Leader: Pascal Neveu (INRA Mistea)	Pascal.Neveu@supagro.inra.fr	+33 4 99 61 24 12
Deputy Leader: Björn Usadel (FZJ)	usadel@bio1.rwth-aachen.de	+49 2461 61-9503

Main activities

The first objective (TJRA1) is to ensure that data can be used across experiments and phenotyping installations. We developed methods that ensure that (i) environmental data are consistent across installations, with a common minimum list of environmental variables. We use the triple information rule: every measured variable (e.g. incident light) is characterized by (i) a precise definition (e.g. photosynthetic photon flux density), (ii) a method (sensors, positions) and (iii) a unit. Phenomic variables (e.g. plant leaf area or root elongation rate) are tracked with the same triplet, in such a way that any future user can exactly know what was measured.

The second objective (TJRA2) is to design an information system able to be deployed in a diversity of phenomic installations, including controlled conditions and field installation. A prototype has been released and tested.

The third objective (TJRA3) is to design a suite of methods allowing information systems at different sites to be ‘Interoperable’. For that, we are developing web services common to different European sites, so a user can access different datasets in different sites with a common query (e.g. ‘time course of leaf growth rate of a given genotype in all installations’).

The fourth objective (TJRA4) is to deploy and assess the distributed information system described above across European installations. We are installing information systems in installations who accepted to be beta testers for adapting ontologies, algorithms and methods to local systems and variables.

Levels for user access and for a European infrastructure of Phenomics

EPPN2020 has defined two levels for each activity. The first level allows the considered installation or local infrastructure to offer transnational accesses, the second is the objectives desirable for a future European infrastructure of phenomics, at installation/local infrastructure level. We define here a third level, at European infrastructure level.

Level 1: Data Identification and organization ('Findable' 'Reusable') Data are stored with backup or duplication service. Sensors are identified with persistent and non-ambiguous identifiers (e.g. URIs), allowing one to trace type/model, spatial positions and calibrations. Plants/pots/microplots are identified with URIs allowing one to trace spatial positions and characteristics. Environmental variables are based on ontologies allowing one to relate sensor outputs to time courses and/or spatial distribution of variables. Phenotypic variables are based with ontologies, methods and units. Events during experiments are traced with URIs using public ontologies (whenever possible). Datasets are organized in non-proprietary format with the necessary metadata.

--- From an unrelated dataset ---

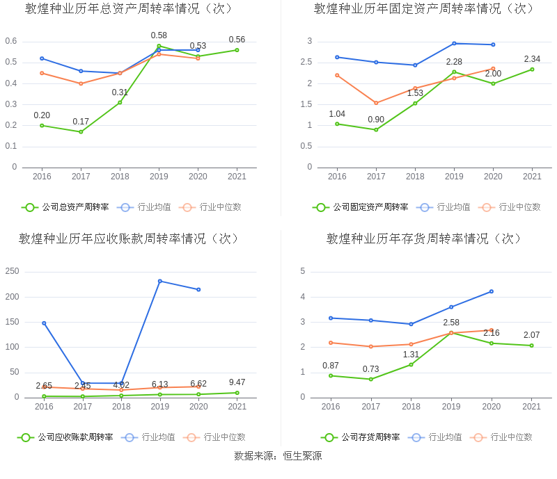 营运能力方面,2021年,公司总资产周转率为0.56次,上年同期为0.53次(2020年行业平均值为0.56次,公司位居同行业10/20);固定资产周转率为2.34次,上年同期为2.00次(2020年行业平均值为2.93次,公司位居同行业12/20);公司应收账款周转率、存货周转率分别9.47次、2.07次。

Level 2: Local information system for environmental and phenotypic datasets ('Findable', 'Accessible', 'Reusable' at the level of a single local infrastructure). The local infrastructure installs an information system that allows connecting the information obtained in level 1. It will comply with domain standard such as MIAPPE specifications whenever relevant and provides rapid query of any combination of information (e.g. trait values for plants of a given genotype in a given range of environments, across experiments), and rapid detection of problems associated with an experiment (e.g. origin of outlier points or plants due to calibration issues or particular events). This is based on stabilized ontologies and provides linked data features (mainly based of semantic web methods).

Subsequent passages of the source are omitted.